Conference: AAAI 2026 arXiv: 2602.09216 Code: None (custom deployment based on the Project Sidewalk platform) Area: Multimodal VLM Keywords: Accessibility mapping, VLM-assisted annotation, sidewalk accessibility, POI analysis, human-AI collaboration

TL;DR

This paper adapts the Project Sidewalk accessibility annotation platform to Chandigarh, India, through customized interface labels, VLM-driven task guidance (Gemini 2.5 Flash), and a POI-centric analysis framework. Approximately 40 km of sidewalks are audited across three regions of distinct land use, identifying 1,644 locations where accessibility improvements can be made.

Background & Motivation

State of the Field

Urban accessibility is a core principle of the UN New Urban Agenda. Project Sidewalk is a web-based crowdsourcing platform that allows users to annotate sidewalk accessibility issues by virtually walking through Google Street View. The platform has been deployed in 44 cities worldwide, with over 10,000 users generating 1.4 million annotations covering 26,000 km of urban streets. However, existing deployments are concentrated predominantly in the United States and Europe.

Limitations of Prior Work

Difficulty of geographic adaptation: Sidewalk conditions in Indian cities differ fundamentally from those in Western contexts—pedestrians frequently walk in shared lanes, informal shoulders, or discontinuous pathways; curb ramps are rare; drainage ditches, parked two-wheelers, and street vendors routinely occupy pedestrian space.

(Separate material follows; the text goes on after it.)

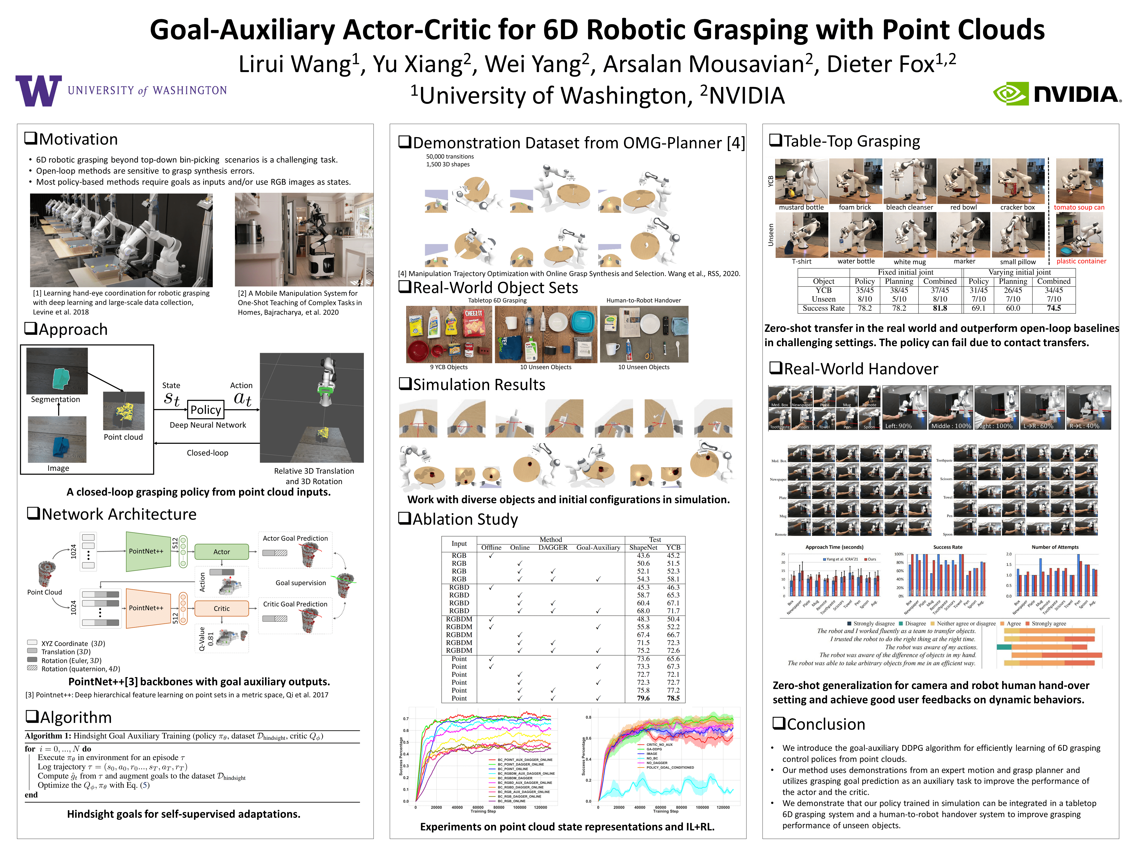 Abstract: 6D robotic grasping beyond top-down bin-picking scenarios is a challenging task. Previous solutions based on 6D grasp synthesis with robot motion planning usually operate in an open-loop setting, which are sensitive to grasp synthesis errors. In this work, we propose a new method for learning closed-loop control policies for 6D grasping. Our policy takes a segmented point cloud of an object from an egocentric camera as input, and outputs continuous 6D control actions of the robot gripper for grasping the object. We combine imitation learning and reinforcement learning and introduce a goal-auxiliary actor-critic algorithm for policy learning. We demonstrate that our learned policy can be integrated into a tabletop 6D grasping system and a human-robot handover system to improve the grasping performance of unseen objects. Videos and code are available at https://sites.google.com/view/gaddpg.

Applying the American label taxonomy (e.g., "Curb Ramp") and its example images directly to Indian scenes causes annotator confusion.

High cognitive burden for annotators: Novice annotators struggle to determine which labels to apply when confronted with streets lacking formal sidewalks or visually ambiguous walking surfaces.

Lack of a prioritization framework: Given India's vast scale and population, an effective prioritization framework is needed to identify accessibility gaps—rather than treating all infrastructure equally, focus should be placed on accessibility around key Points of Interest (POIs).

Starting Point

The paper addresses these issues at two levels: (1) the tooling level—reducing annotation ambiguity and cognitive load through interface redesign and VLM-assisted guidance; and (2) the analytical framework level—providing targeted improvement recommendations through a POI-centric accessibility analysis rather than a simple exhaustive audit.

Method

Overall Architecture

The workflow consists of four steps: (a) selecting representative regions based on population distribution and land use; (b) extracting OSM road types and leading/trailing Google Street View panoramas for each street segment; (c) generating targeted task guidance via a VLM; and (d) having human annotators perform labeling using the adapted Project Sidewalk interface.

Key Designs

1. Interface Redesign and Label Localization

  • Function: Fully adapts Project Sidewalk's label taxonomy, labels, and example images to the Indian context.
  • Core changes:
    • "Curb Ramp" → "Curb Style": The American curb ramp label presupposes standardized design, whereas India features highly diverse curb transitions (formal ramps, steps, broken curbs, drainage gaps, etc.). The label is redefined to describe how pedestrian paths transition to the carriageway.
    • New labels added: Parked cars, carts, drainage infrastructure, electrical boxes, and other India-specific obstacles.
    • Labels removed: Fire hydrants, mailboxes, recycling bins, and other elements rarely encountered in India.
    • Severity example replacement: Example images in all hover tooltips are replaced with Chandigarh street-view photographs.
    • No Sidewalk label refinement: A distinction is drawn between "no pedestrian space at all" and "space exists but is rendered unusable by clutter or encroachment."
  • Design Motivation: Directly applying the American label system causes annotator confusion—the very concept of a "curb ramp" is inapplicable in India, where curb transitions are far more diverse than in the US.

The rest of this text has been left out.